Так, по Большой Архангельской, он дошагал до штаба жандармов. Возле белого двухэтажного здания с красной железной крышей росли высокие тополя. А площадка перед домом была обсажена густой акацией. Фешка укрылся в ней и начал наблюдать за подъездом. Но ничего особенного там не происходило.
Прохаживался возле караульной будки постовой. Приехали и уехали четверо конных жандармов. Прогромыхала в соседний двор телега Феди-водовоза... Некоторое время никто не появлялся. Потом к подъезду подкатила рессорная коляска, запряженная чубарым рысаком. Из нее выскочил офицер и, придерживая саблю, взошел в подъезд. Через стеклянную дверь было видно, как он покрутил перед зеркалом усы, застегнул воротник и поднялся на второй этаж.
"Где же я его встречал?" - напрягал память Фешка. Ему вдруг припомнилась облава на городском базаре, шум, крики, выстрелы... Какие-то люди, вцепившиеся в рослого парня. Ими командовал этот офицер!
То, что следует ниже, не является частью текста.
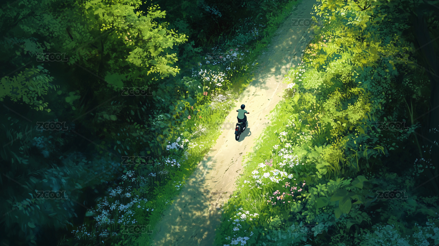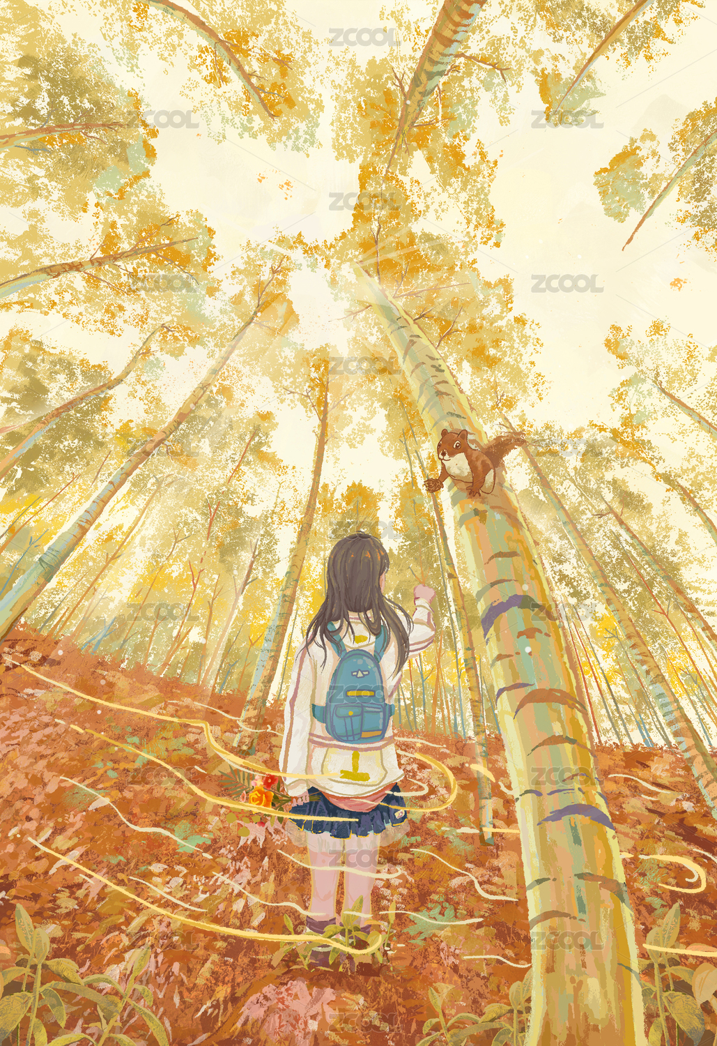 插画插图动漫秋季落叶草地树林可爱女孩背景

Фешка выждал момент, когда караульный повернулся к нему спиной и метнулся из акаций к зданию. Возле самого дома он, как кошка, залез на тополь, толстые ветви которого касались балкона. И ему понадобилось приложить немало усилий, чтобы перебраться с дерева на площадку балкона. Здесь он затаился за одним из выступов стены.
Это было рискованно, зато с Фешкиной позиции просматривалась почти вся просторная комната, расположенная на втором этаже. В ней, за длинным столом, покрытым зеленым сукном, сидел толстый начальник в жандармском мундире. Перед ним стоял приехавший офицер. По случаю теплой погоды окно было распахнуто, и до Фешки долетали обрывки разговора, хотя всех слов ему разобрать не удавалось.
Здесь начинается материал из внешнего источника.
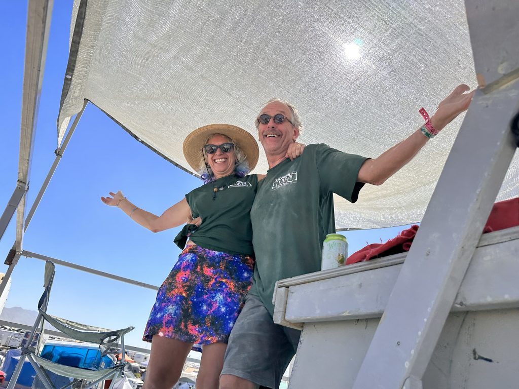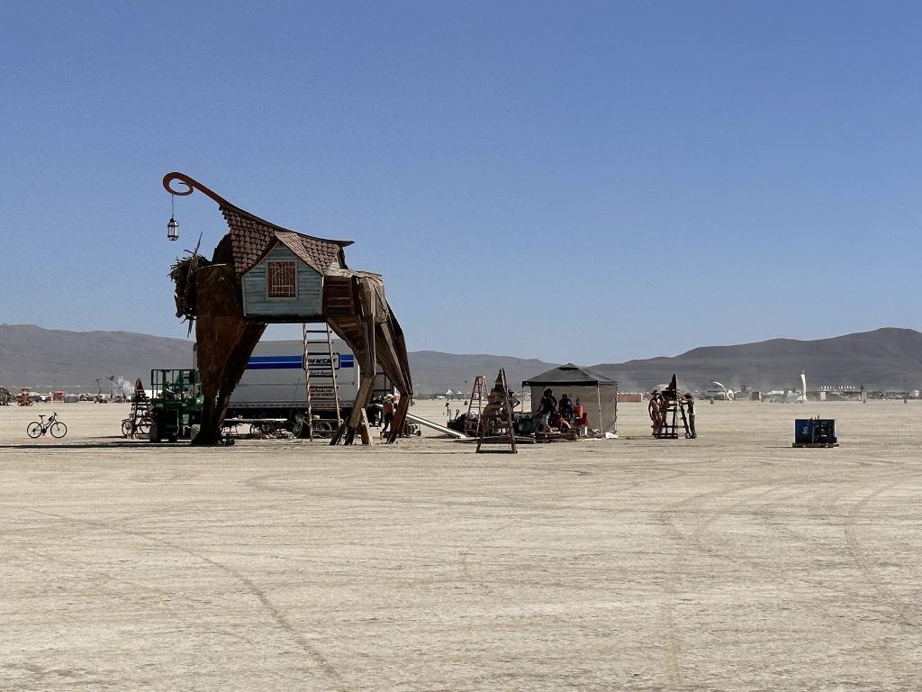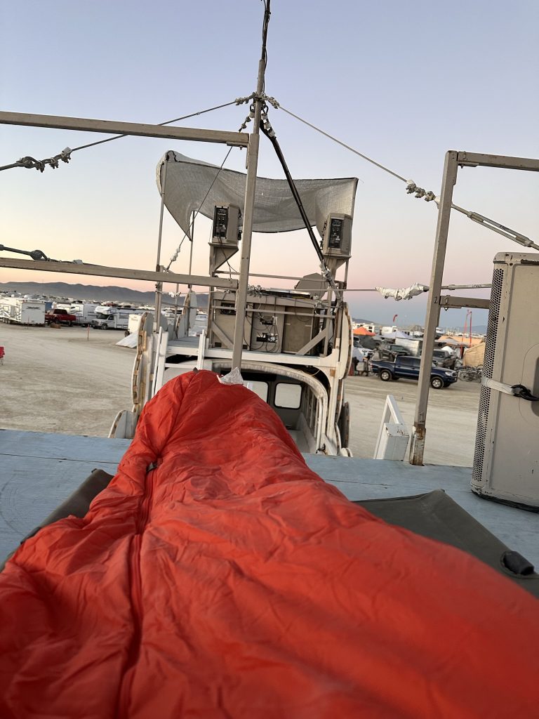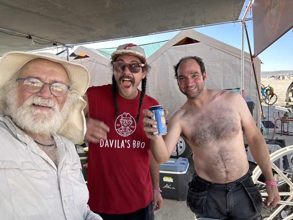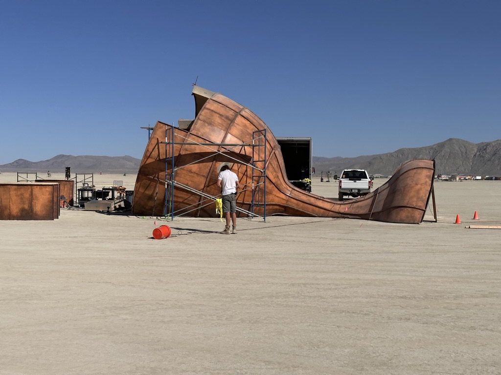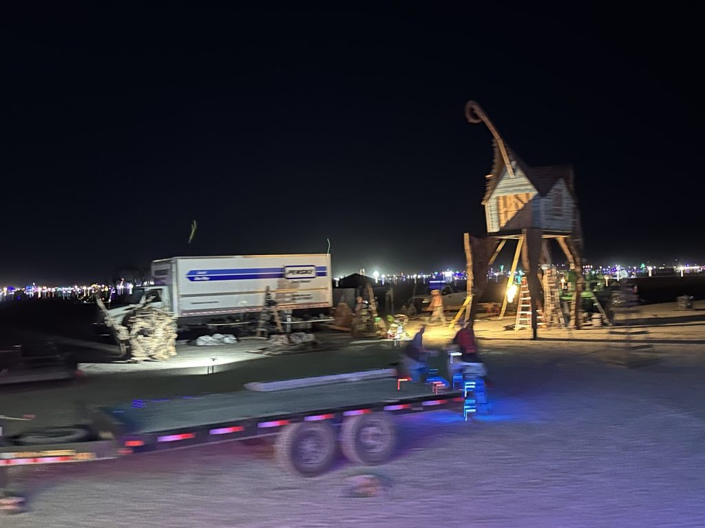 We got up, ate.. and started working. Today was the first official day of burning man week.. and most of our teammates were filtering in. So great to see all my old friends !I’d hoped to spend the day exploring the playa and finding friends. But there were a number of small problems with the fire system that needed work ..I was tryign to get a little more ‘oooomph” out of the poofer.. eventually got it working. Gizzo helped me which was fun. . I didn’t get out to explore until 3… and I had to head out at 6PM.. still had so much fun !

- Дела наши дрянь, капитан. Да вы садитесь, - говорил начальник, - Я уехал в Обдорск всего на неделю. Помирил там вогулов с исправником. Возвращаюсь, а меня вызывает гражданский губернатор Энгельке и жалуется на беспримерную наглость воровских людишек. Оказывается, во время моего отсутствия среди бела дня под самым Тобольском угробили Нефедьева. Только этого не хватало! Энгельке спрашивает: что доложим Горчакову в Омск? Задавать-то вопросы легко...
Толстяк - это был глава тобольских жандармов майор Петровский - вытер платком вспотевшее лицо и строго глянул на подчиненного.
- Я своей вины не отрицаю, - сухо ответил Шадзевич. Фешка замелил, что у капитана дернулась щека.
- Вы не волнуйтесь, - смягчился начальник. -Такая у нас работа... -Петровский повернул голову к окну, за которым шелестела густая листву тополя и продолжил:
- Скоро пойдет дождь и смоет следы на лесных тропах - найти разбойников будет труднее.
- Если и не смоет - не найдем, - откликнулся с горечью капитан. - Да и кто у нас разбирается в следах? Собак-ищеек нет... А Нефедьева, конечно, жаль, хотя человек он был надменный, чванливый...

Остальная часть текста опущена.